In this study, workload was based on relative exercise intensity for purposes of practical applicability. However, future studies, particularly those interested in investigating mechanisms underlying differences in WB sweat electrolyte concentrations, should consider standardizing absolute workload and include other measurements such as body core temperature, skin temperature, skin blood flow, and/or heat-activated sweat gland density.
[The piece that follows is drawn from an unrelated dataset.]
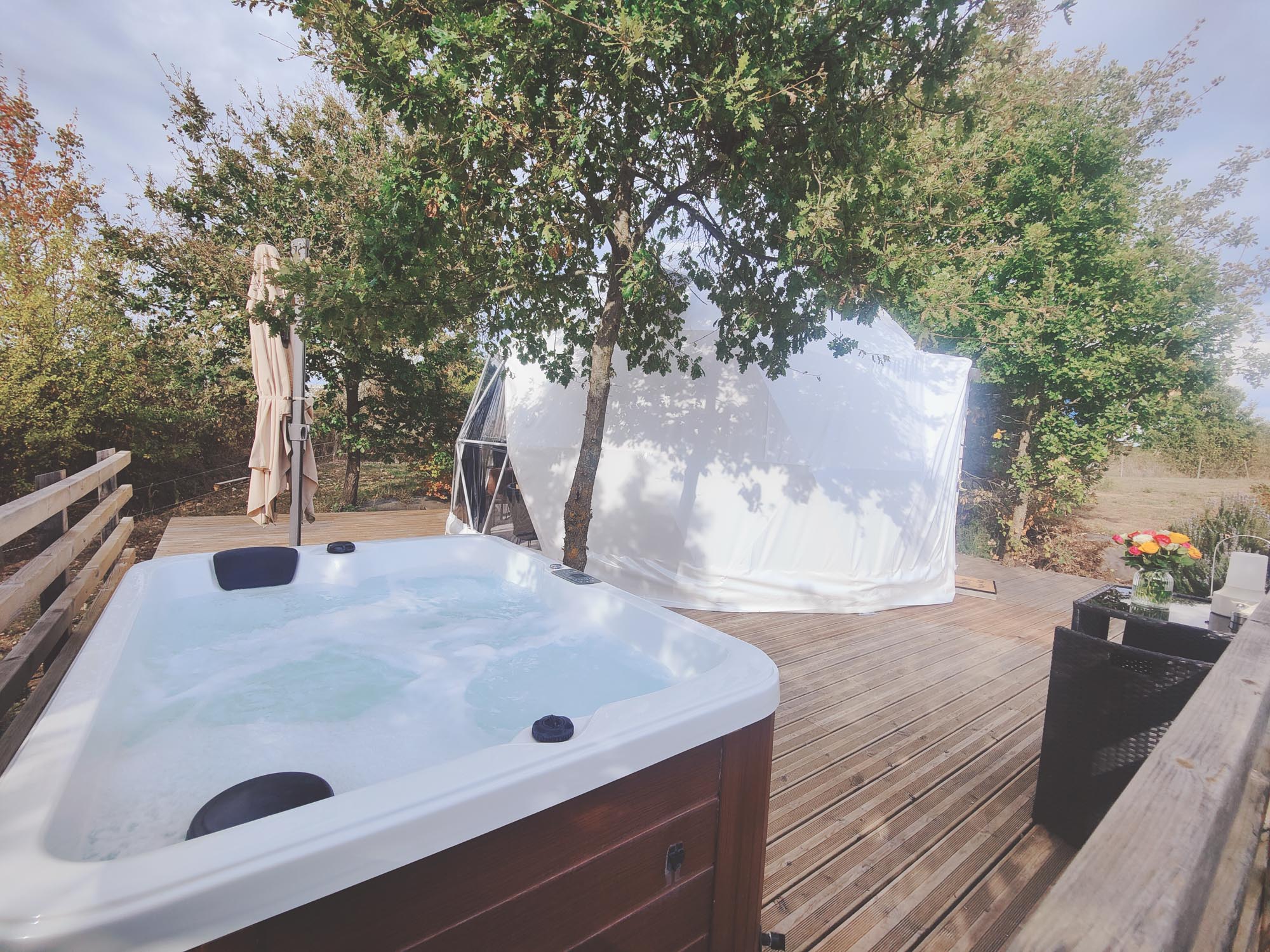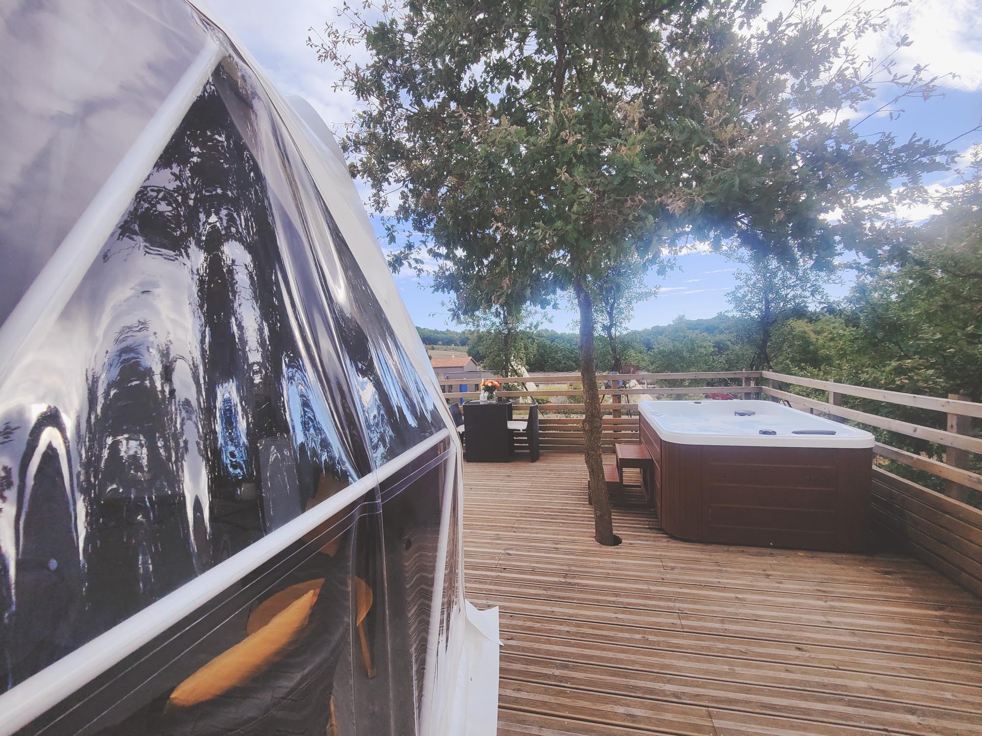 et pour finir, sa terrasse pour admirer les magnifiques couchers de soleil, ou la voie lactée bien installé dans votre spa privatif. Le dôme est parfaitement isolé, il est aussi équipé d’une climatisation réversible qui vous permet de réguler la température souhaitée toute l’année.

The results reported here are only applicable to the specific conditions of the present study. It is possible that various factors not accounted for, in this study, could impact the relation between REG and WB sweat electrolyte concentrations. Therefore, future research is needed to determine the effect of patch application timing and adherence duration, exercise mode (e.g., involving running or intermittent sports), variations in environmental conditions (e.g., ambient temperature, humidity, wind, and solar load), and individual factors (e.g., race/ethnicity, training, and heat acclimation status) on the relation between REG and WB sweat electrolyte concentrations.

Conclusion

Total sweat Na+ and Cl losses increased by ~ 150% from 45 to 65% VO2max, suggesting that different fluid/electrolyte intake strategies may be needed depending upon variations in exercise intensity between training sessions/competitions. The effect of exercise intensity on the relation between REG and WB sweat electrolyte concentrations varied among sites. Based on these findings, it seems that regression equations can be used to predict WB sweat [Na+] and [Cl] from some REG sites (e.g., dorsal forearm) irrespective of intensity when exercising between 45% and 65% VO2max and using the same methodology employed in this study. However, other sites (especially the ventral wrist, lower back, thigh, and calf) require separate prediction equations that account for workload.